Will Schwalbe: George, you’ve written such a beautiful and moving book — about your mother, about your childhood, about the whole process of aging — and not just in the way we usually think about it. You’ve written about the subtle and not-so-subtle shifts that occur throughout life, chronicling the growth and then loss of independence that occurs. But given that your book really encompasses two lifetimes, yours and your mother’s, and given that the story is ongoing, I was curious to know: Why now? What was the processing of deciding to write this book? And how did you know that you were finished, that you’d said all you wanted to say, and that now was the time to stop writing and to publish?

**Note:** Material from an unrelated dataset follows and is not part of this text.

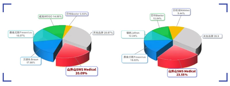 2024年第三季度,山外山血液透析機(jī)市場(chǎng)占有率20.09%,連續(xù)性血液凈化設(shè)備(CRRT)市場(chǎng)占有率23.55%,均位列行業(yè)第一▲(數(shù)據(jù)來(lái)源:今日標(biāo)訊)

George Hodgman: For years, I have carried around this memory: I was an only child in a tiny town of 528 people in Missouri where there was no kindergarten. Because my parents were worried that I wasn’t getting enough exposure to other children, they paid tuition for me to begin school in a nearby town and my mother drove me every morning to the county line to catch the school bus. She was always running late and drove fast. She took her shoe off and touched the gas pedal with her bare foot. We sang along with the songs on the radio—KXOK in St. Louis where a DJ named Johnny Rabbit played “This Diamond Ring” and the Righteous Brothers and Petula Clark. I always think of my mother in a car, driving. In 2008, I came home and found that Betty — who had promised to drive only to the grocery store, etc.—had lost her driver’s license. It was like this huge chunk of her identity had been taken away. I wrote a little piece on those mornings when she drove me to school. It was really a kind of mourning the loss of that part of my mother. I put it on Facebook and the book began. The first piece opened me up. As Betty began to encounter more and more problems, writing them down was, for me, a way to grieve, but also a way to find a little distance from my feelings of loss. For me, loss is the hardest feeling to sit with and the loss I have always most dreaded is my mother. I just started writing down scenes, taking down what happened, like a reporter. Simultaneously, I was affected by other things, like what had happened to the towns where I had grown up in, these places that I will always love.

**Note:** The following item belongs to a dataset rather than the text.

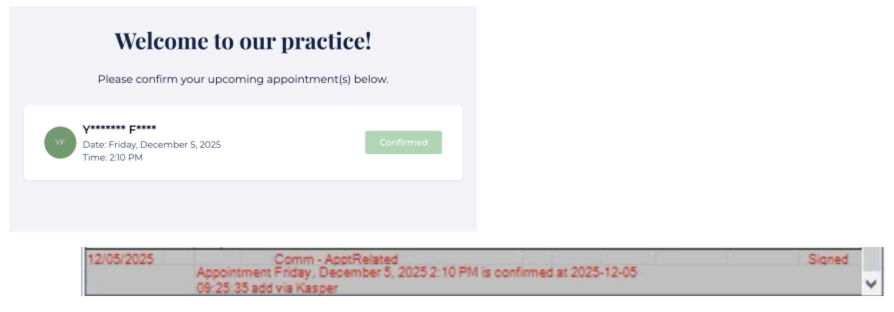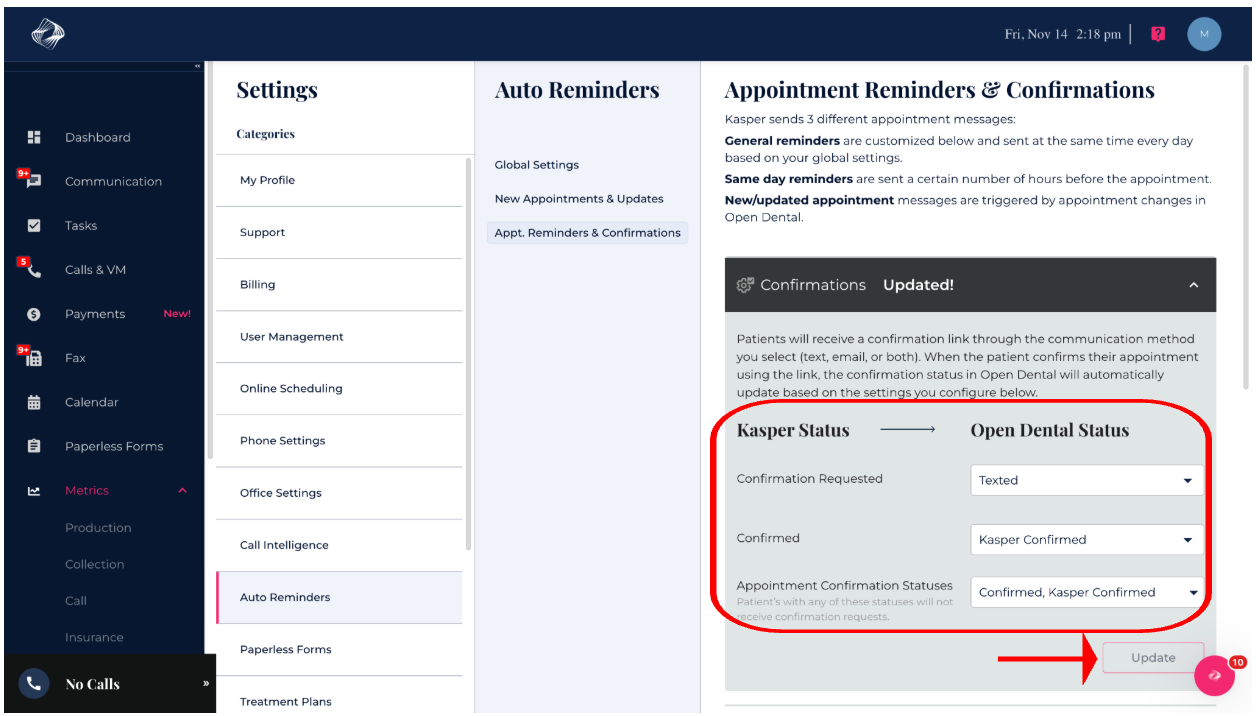 Kasper automatically updates appointments in Open Dental when a patient confirms via a link sent through SMS.

The book is set during the worst drought in Missouri in thirty years. I ended the book when the rain came. It somehow seemed right. Then, way later, after it was sold, I wrote an Epilogue when Betty got cancer. A lot of things I had been carrying for a long time came together in this book. I didn’t know that I was carrying them. At first, I was the teller only, really. The focus was entirely on her. Then, when I had a kind of draft, readers wanted to know about me. I think I did those sections especially in a kind of denial that anyone would ever read them.

Right now, I am having a lot of trouble with my family’s reaction to the book. I am feeling really guilty for revealing my mother as an elderly person with problems, not to mention my own troubles. People make me feel that writing about some of our issues is an attack on my parents. I sometimes feel like I should have just kept this all to myself, that it was really just a kind of therapy for myself because of all the things I was feeling.

WS: I love learning that the coming of the rain told you it was time to stop. I very much believe in listening to those kinds of symbols and trusting talismans.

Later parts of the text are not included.